Correction to: Wide Spectrum of DUOX2 Deficiency: From Life-Threatening Compressive Goiter in Infancy to Lifelong Euthyroidism by Dufort G,Larrivée-Vanier S,Eugène D,De Deken X,Seebauer B,Heinimann K,Lévesque S,Gravel S,Szinnai G,Van Vliet G,and Deladoëy J. Thyroid 2019;29:1018–1022. DOI: 10.1089/thy.2018.0461

In the July 2019 issue of Thyroid (vol. 29, no. 7; 1018–1022) the article entitled “Wide Spectrum of DUOX2 Deficiency: From Life-Threatening Compressive Goiter in Infancy to Lifelong Euthyroidism” by Dufort et al. requires correction.

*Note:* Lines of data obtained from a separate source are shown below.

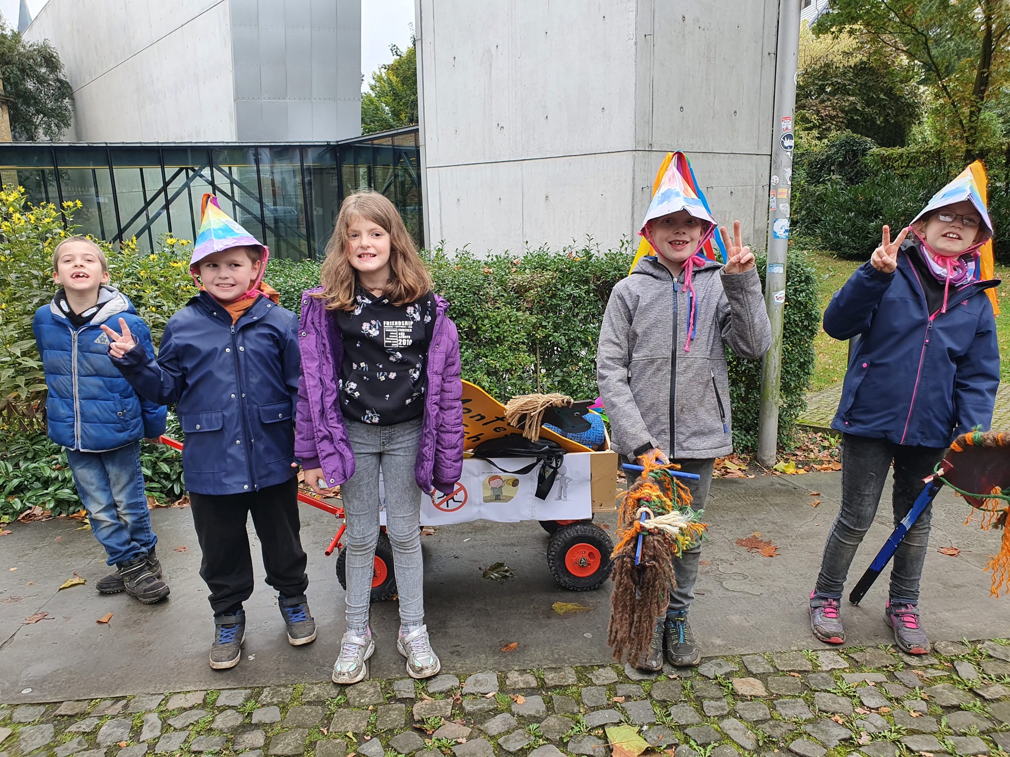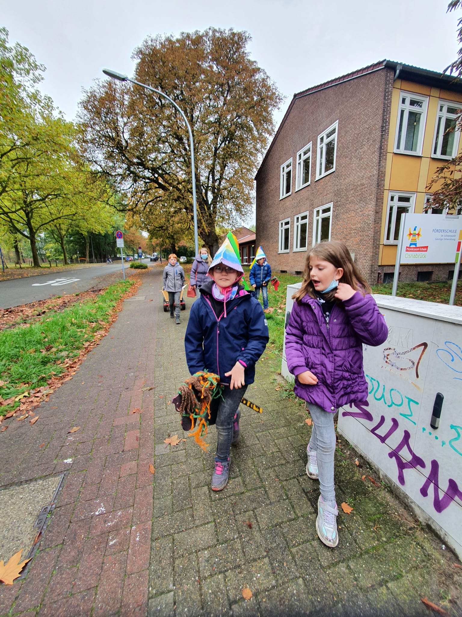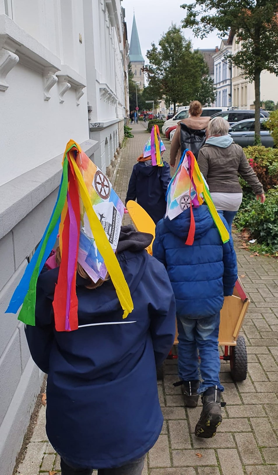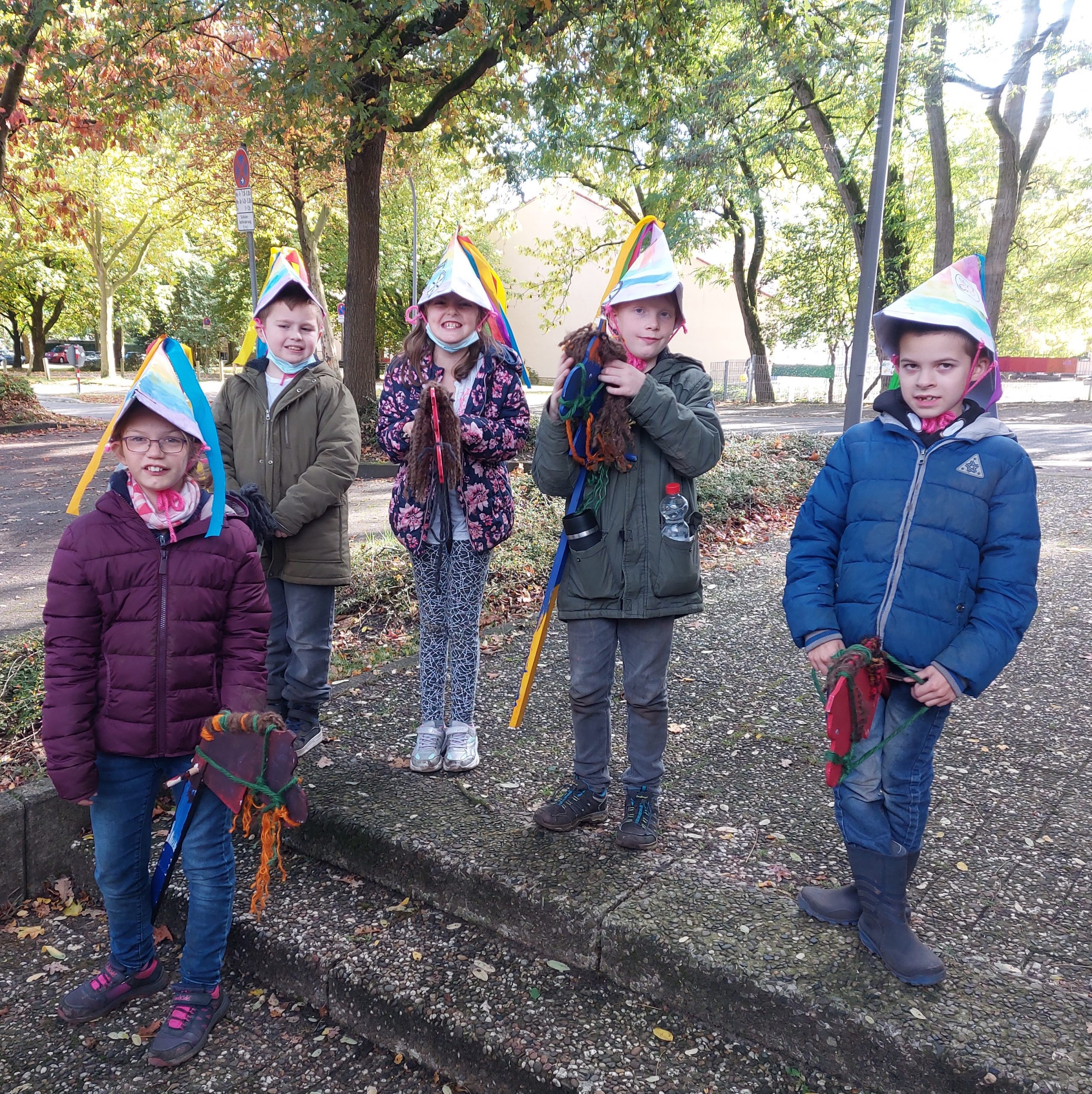 In den Wochen vor den Herbstferien haben wir uns auf das große Friedensfest vorbereitet. Wir haben viel über unsere Stadt Osnabrück gelernt und haben unsere Steckenpferde gestaltet und unsere Regenbogenhüte gebastelt.
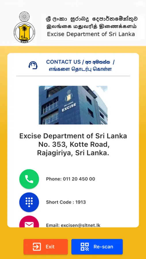 This App scans the 2D Barcodes on the Products approved by Excise Department of Sri Lanka and provides whether it is valid or invalid product. If the product is genuine, then this App provides following information about the product
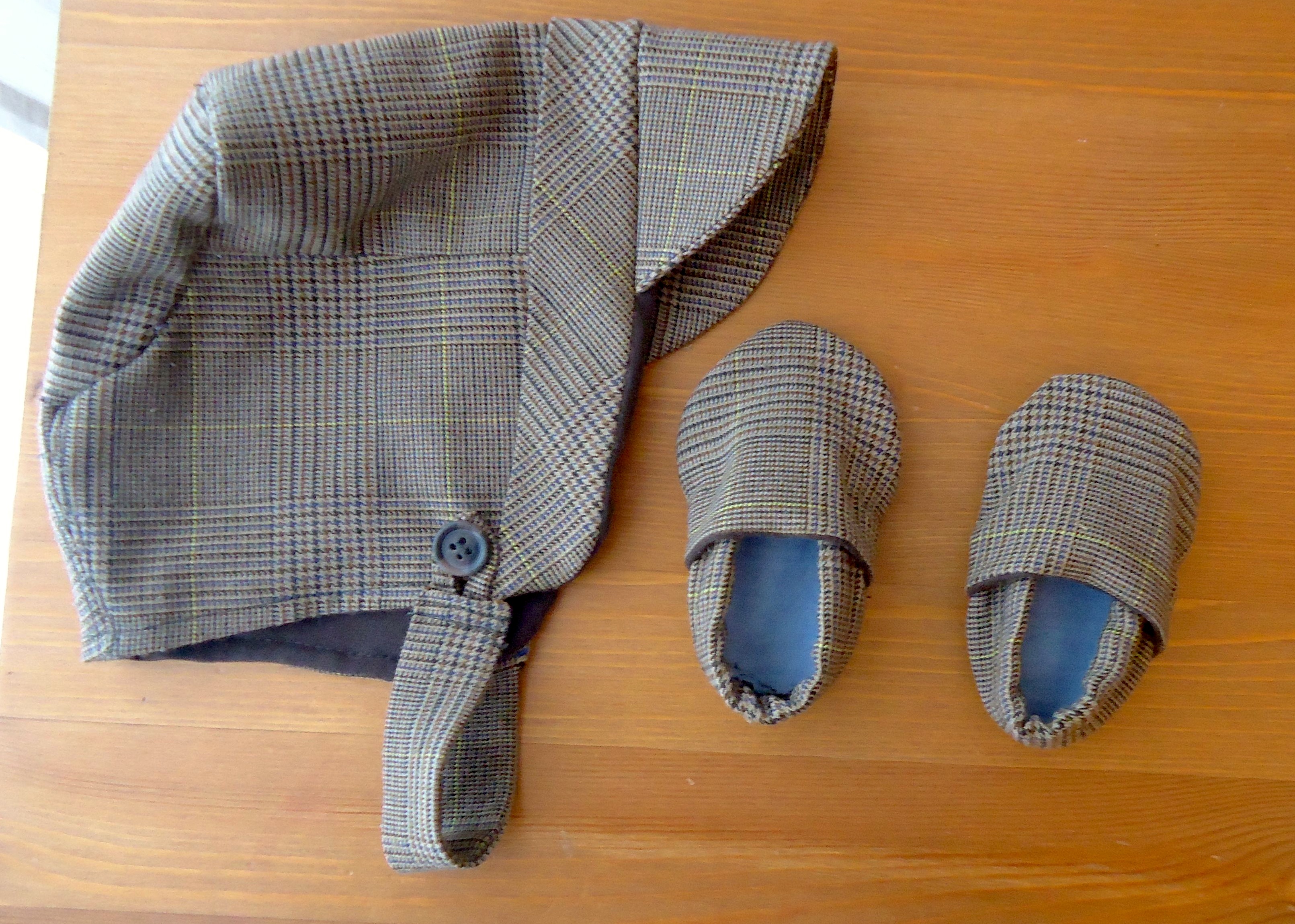 Oui, c’était un garçon mais ce n’est pas moi qui l’ai eu. Je voulais juste partager avec mes chers lecteurs le cadeau que j’ai fait – en couture, bien évidemment – pour le plus jeune marmot d’un de mes amis. Les patrons ne sont pas à moi – le chapeau c’est un projet très sympa qui s’appelle « He’s all boy » qui à mon voir détruit le mythe selon lequel il est moins intéressant d’habiller des petits garçons que des petites filles – et les chaussures viennent d’ici. Les deux sont en anglais.
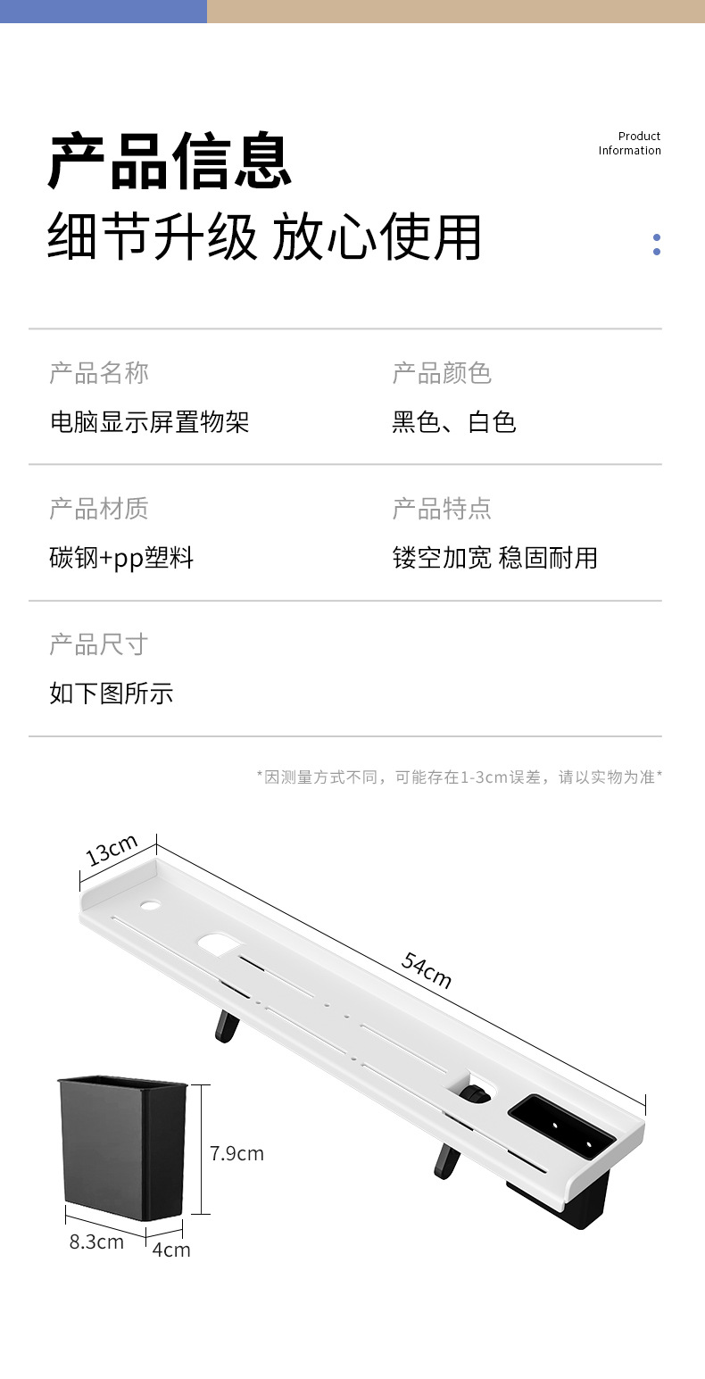 [맞춤형] 컴퓨터 모니터 위에 설치 가능한 선반, 구멍을 뚫을 필요 없음, 각도 조절 가능, 분해 및 조립 가능, 즉시 사용 가능스토어 가기
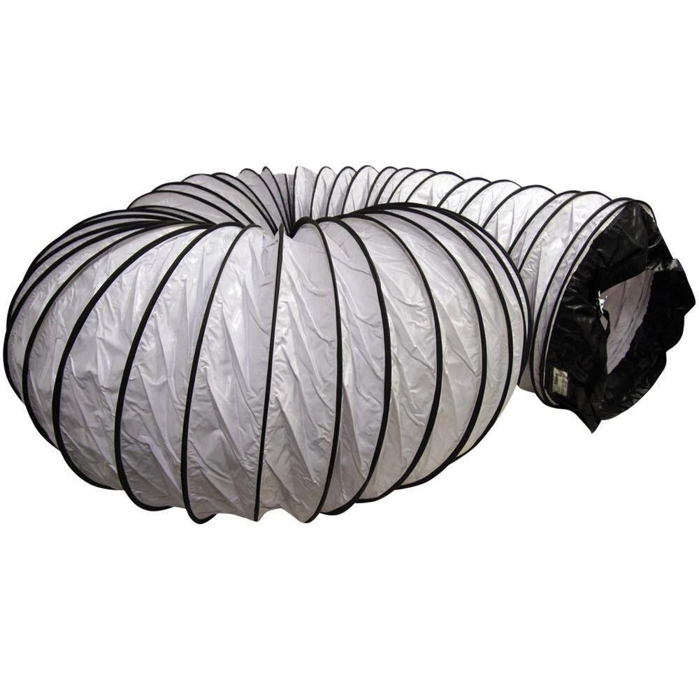 The Air Ventilator white is the ultimate flexible ducting solution for wide ranging air movement applications. Tough enough for industrial applications and affordable enough for residential use. Air Ventilator also has a temperature tolerance of -20° – +180° F. It can be used in anything from dehumidifier ducting to HVAC, portable air conditioning, smoke and hot air transportation, as well as all-purpose ventilation. These hoses are lightweight, constructed from a PVC-coated polyester fabric, making them exceptionally tough and durable. The body of the Air Ventilator is reinforced with a spring steel helix, which gives the duct work a higher degree of strength and helps it to keep its shape when flexed and put under pressure. The external wear strip combined with its rugged coating protects the hose from excessive wear when it is dragged across the ground and ensure that it remains effective for the long term. Coming in standard lengths of 25 ft. when fully stretched, Air Ventilator hoses are extremely flexible and compress easily. A 25 ft. hose can be retracted down to just 3 ft. for tight-bending contortion when in use which allows for easy transportation and storage the rest of the time. This hose comes in a variety of sizes ranging from a 4 in. inner diameter to a 24 in. inner diameter. Each end of the Air Ventilator is also fitted with belted cuffs, giving you a built-in quick and easy installation option without the need for clamps.
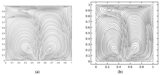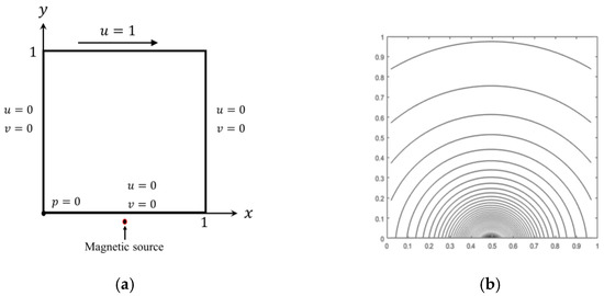 27], where the magnetic effect was investigated on the basis of the Navier–Stokes equation using a finite difference method. The current study focused on solving the Stokes flow with a magnetic effect using LSFEM. Observed results by this study and by [
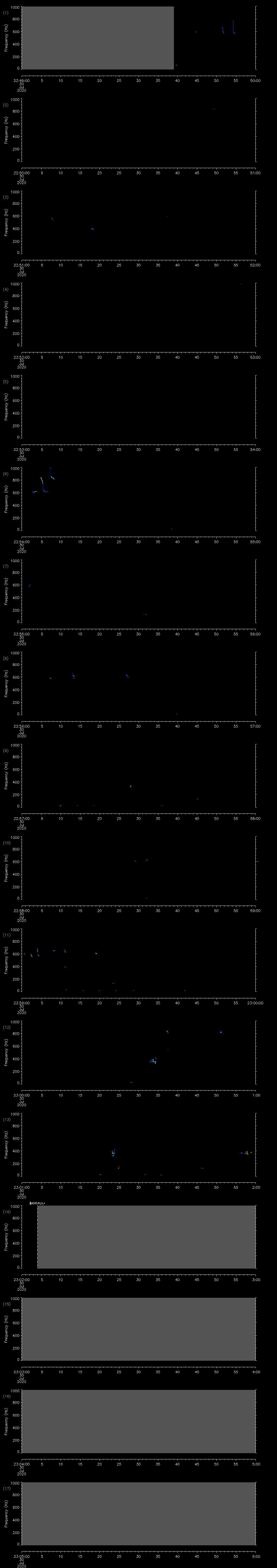 - MUTEON: the hydrophone is muted to assess system noise and to provide a time mark in the audio recording
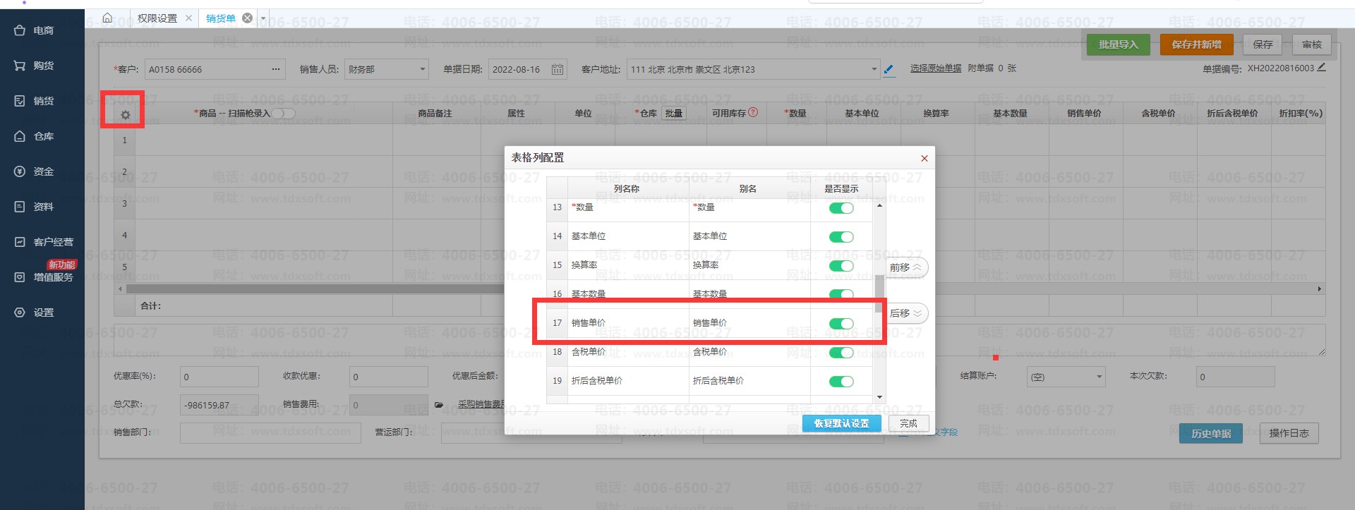 3、若已授权,单据仍是不显示金额字段,可检查单据列设置,是否隐藏金额字段。如图所示:
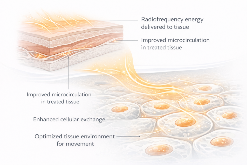 When radiofrequency energy is delivered to tissue, the effects extend beyond surface warmth. The interaction occurs within the tissue itself, supporting:
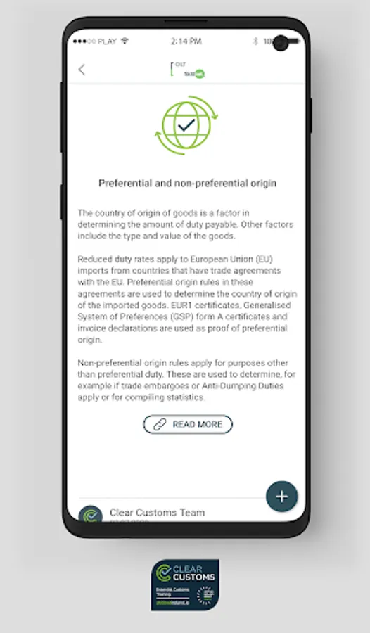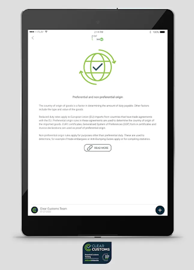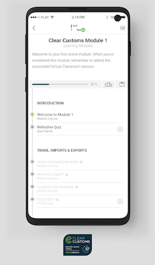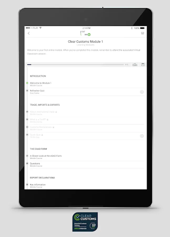 The Clear Customs mobile app provides learners on the programme with on-the-go access to engaging and meaningful content about customs declarations. The easy-to-access, easy-to-use content will reinforce and enhance your customs knowledge using a variety of activities such as quizzes, videos, checklists and practice exercises. Used in conjunction with the virtual classroom sessions delivered by expert customs practitioners, this app provides a next-generation mobile learning experience.

The length of the novel deletion reported on page 1019 was incorrect. The original data read:

Patient 1 harbored a previously described missense mutation (p.G1518S) known to abolish DUOX2 activity (2), as well as a novel 540 base-pair deletion spanning from intron 5 to exon 7 (NM_014080.4:c.513 + 53_818del, expected to be deleterious). No other variants were found by exome sequencing.

The data has been revised to:

Patient 1 harbored a previously described missense mutation (p.G1518S) known to abolish DUOX2 activity (2), as well as a novel 541 base-pair deletion spanning from intron 5 to exon 7 (NM_014080.4:c.513 + 53_818del, expected to be deleterious). No other variants were found by exome sequencing.

The online version of the article has been corrected to reflect this. The authors apologize for the error.